*EXERCISE DETAILS*
Everything from the line holding "S Pen for Galaxy" to the end of the listing below should be copied exactly, line for line, minus the pictures.

*MATERIAL PROVIDED*
__________

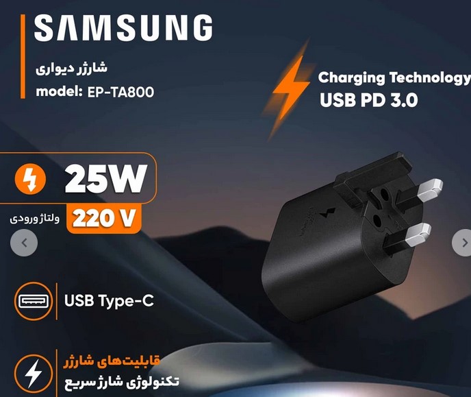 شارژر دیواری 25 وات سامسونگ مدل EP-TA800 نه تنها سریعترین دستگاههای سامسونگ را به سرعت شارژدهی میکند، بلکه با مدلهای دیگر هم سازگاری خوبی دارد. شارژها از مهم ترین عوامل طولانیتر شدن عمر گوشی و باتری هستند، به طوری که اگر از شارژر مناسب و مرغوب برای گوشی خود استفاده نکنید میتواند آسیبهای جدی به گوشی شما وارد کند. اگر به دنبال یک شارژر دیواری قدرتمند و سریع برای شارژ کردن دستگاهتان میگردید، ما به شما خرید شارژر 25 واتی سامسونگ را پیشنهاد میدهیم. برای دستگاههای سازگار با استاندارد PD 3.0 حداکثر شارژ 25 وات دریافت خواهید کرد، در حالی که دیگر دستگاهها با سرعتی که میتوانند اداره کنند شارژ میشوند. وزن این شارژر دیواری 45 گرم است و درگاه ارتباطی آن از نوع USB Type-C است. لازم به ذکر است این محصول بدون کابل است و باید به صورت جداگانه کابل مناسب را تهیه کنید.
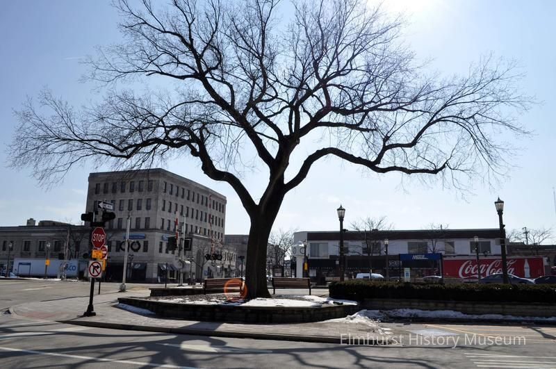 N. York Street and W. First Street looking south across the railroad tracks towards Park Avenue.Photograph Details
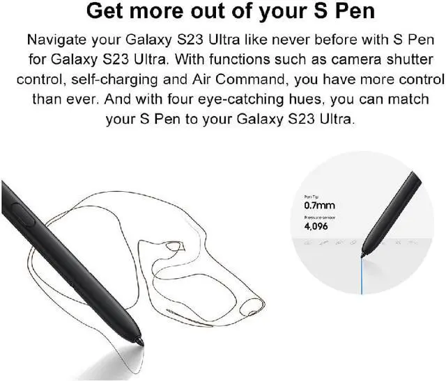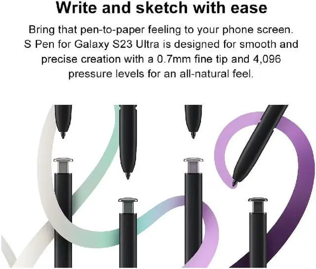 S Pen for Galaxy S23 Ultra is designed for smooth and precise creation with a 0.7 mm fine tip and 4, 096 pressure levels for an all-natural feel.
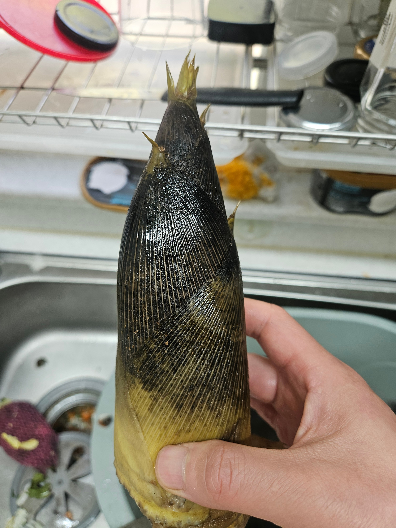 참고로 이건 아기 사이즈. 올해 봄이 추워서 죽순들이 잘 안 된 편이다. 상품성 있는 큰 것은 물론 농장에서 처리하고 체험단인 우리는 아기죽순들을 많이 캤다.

__________

*RESULT FOR THIS EXERCISE*
 S Pen for Galaxy S23 Ultra is designed for smooth and precise creation with a 0.7 mm fine tip and 4, 096 pressure levels for an all-natural feel.
 참고로 이건 아기 사이즈. 올해 봄이 추워서 죽순들이 잘 안 된 편이다. 상품성 있는 큰 것은 물론 농장에서 처리하고 체험단인 우리는 아기죽순들을 많이 캤다.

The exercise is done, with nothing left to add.